= Your task =
Print exactly the line that contains "6. 在游戏正式开始前,你需要选择八种植物。 捡漏。" along with every line beneath it to the end of the records below, and omit pictures.
***** Supplied records *****
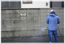 とてもきれい好きな奥様で、犬走り(建物周りのコンクリートでできた床)に、カビや藻が生えるたびにたわしでお掃除していたようで、今回は、どちらかというと、外壁よりもこっちがきれいになればという思いで、外壁塗装に踏み切ったようです。それならばと、ブロック塀も念入りに高圧洗浄サービスしちゃいました。
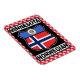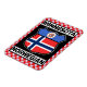Minnesotan American Magnet. Um design ao estilo de um clássico sinal de estrada dos EUA, combinando as bandeiras da Noruega e Minnesota num escudo.
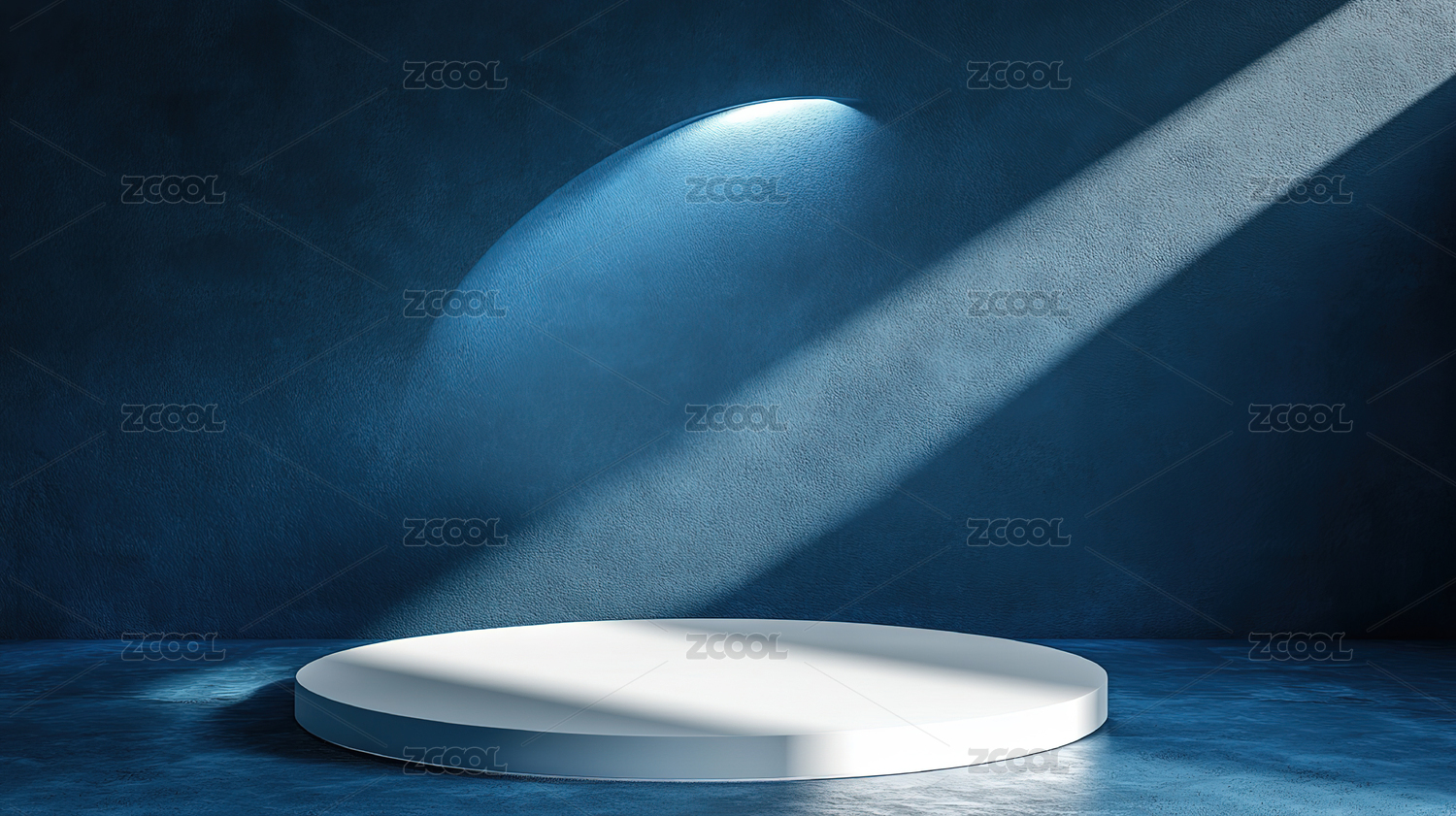 蓝色墙面圆形白色展台
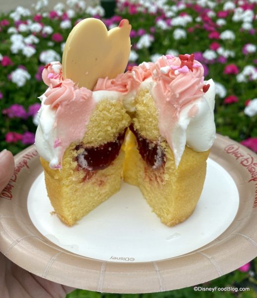 The Cherry Almond Cupcake (which is $5.99 or a Disney Dining Plan snack credit) joins the trio of Red Velvet Whoopie Pies to make up Gasparilla Island Grill’s Valentine’s Day treat offerings. Check out our review of the Whoopie Pies here so you can know which treat is the perfect match for you and YOUR Valentine!
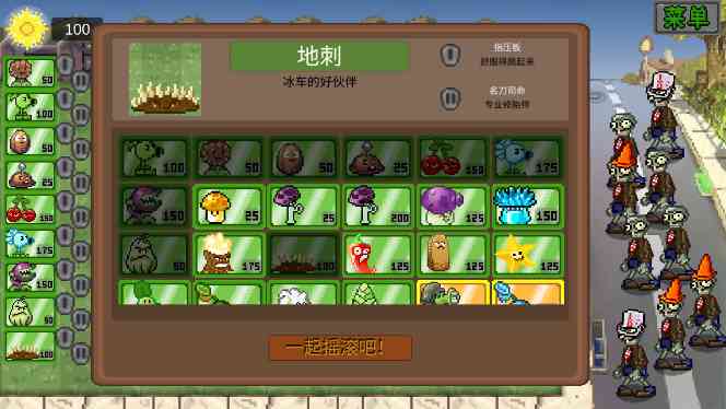 6. 在游戏正式开始前,你需要选择八种植物。 捡漏。 选择完毕后点击“一起摇滚吧!”即可开始游戏。
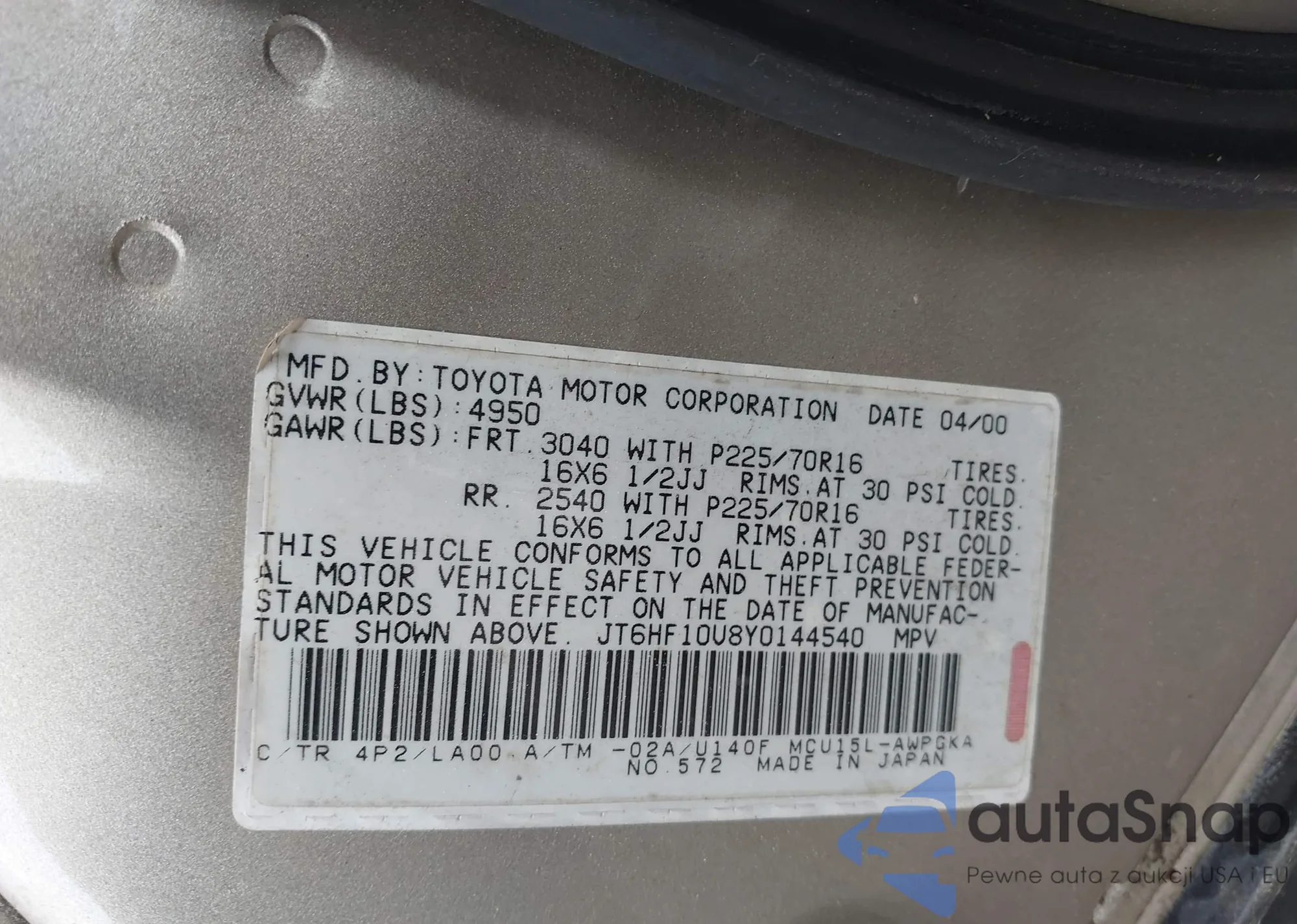LOT: 42262376 VIN: JT6HF10U8Y0144540
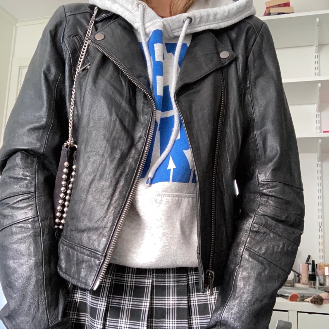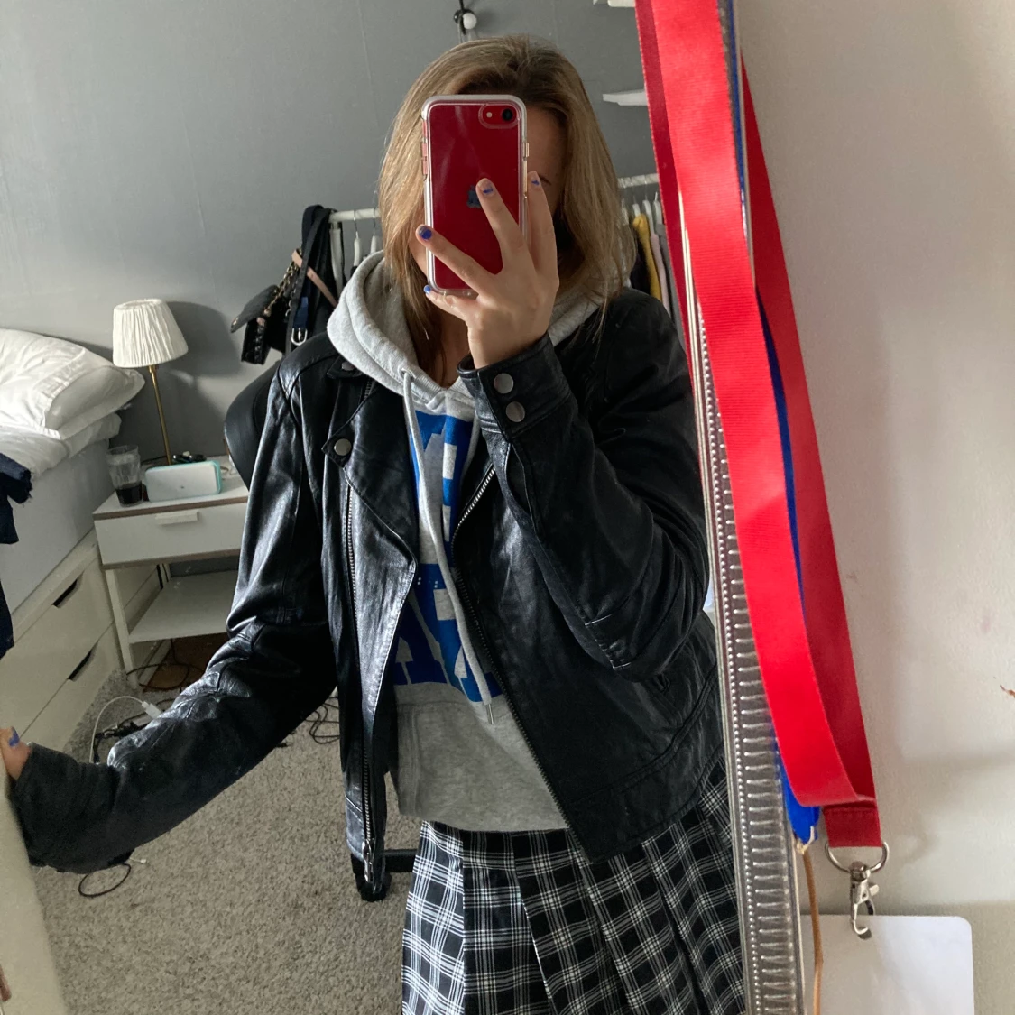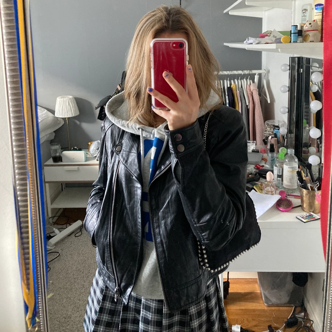 Så snygg skinnjacka i äkta skinn, storlek 36 men passar även mindre om man vill ha lite oversized!!
*****
= Task result =
 6. 在游戏正式开始前,你需要选择八种植物。 捡漏。 选择完毕后点击“一起摇滚吧!”即可开始游戏。
LOT: 42262376 VIN: JT6HF10U8Y0144540
 Så snygg skinnjacka i äkta skinn, storlek 36 men passar även mindre om man vill ha lite oversized!!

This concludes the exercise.